→ **EXERCISE BRIEF**
Pull out every line from the line containing "A woman carries" through the end of the material, both ends included, and reproduce it exactly. Keep pictures out.

···

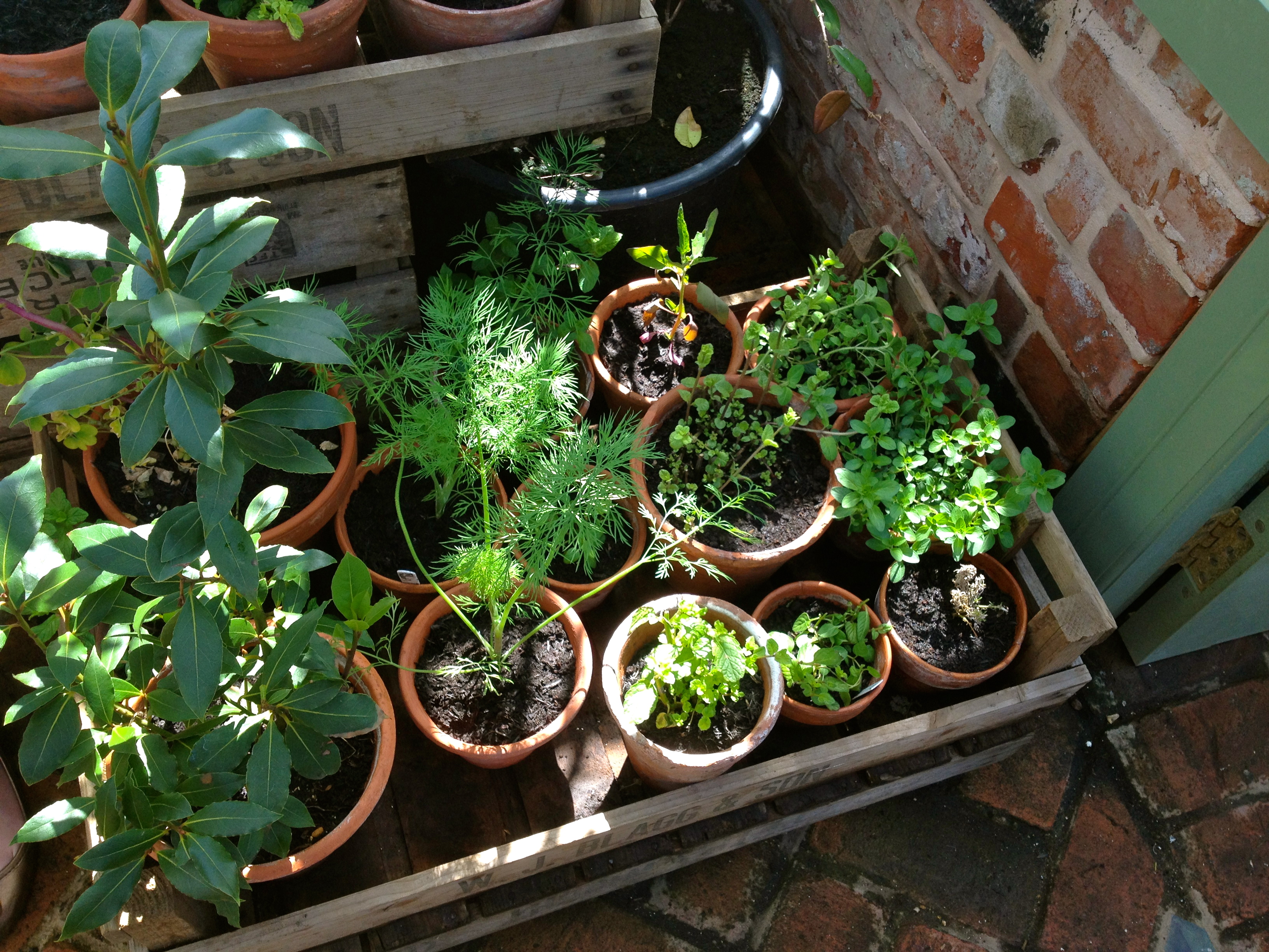 Tucked into the back of the garden was a beautiful sage coloured greenhouse. Inside was an incredible assortment of herbs all in little, individual pots and trays.
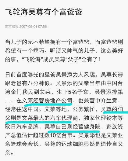 自己出生在富贵之家,早在2007年的时候就有新闻报道,说吴尊父亲做地产,自己伯父做代理,总之不是属于会为钱犯愁的人。
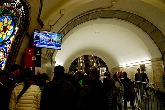 はじめにモスクワの地下鉄のデジタルサイネージを紹介する。モスクワの地下鉄は非常に深いところを走っていて暗い、などという噂も耳に入っていたが実際にはそれほどでもない。東京の一部の地下鉄路線のほうが遥かに深いところを走っているものもある。
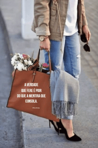 A woman carries a brown tote bag with flowers, a butterfly, and an inspirational quote by Chico Xavier.
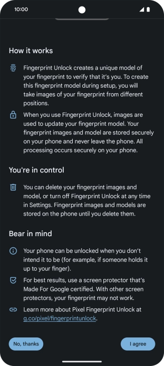 Follow the instructions on the screen to create the phone lock code using your fingerprint.

···

→ **EXPECTED OUTPUT**
 A woman carries a brown tote bag with flowers, a butterfly, and an inspirational quote by Chico Xavier.
 Follow the instructions on the screen to create the phone lock code using your fingerprint.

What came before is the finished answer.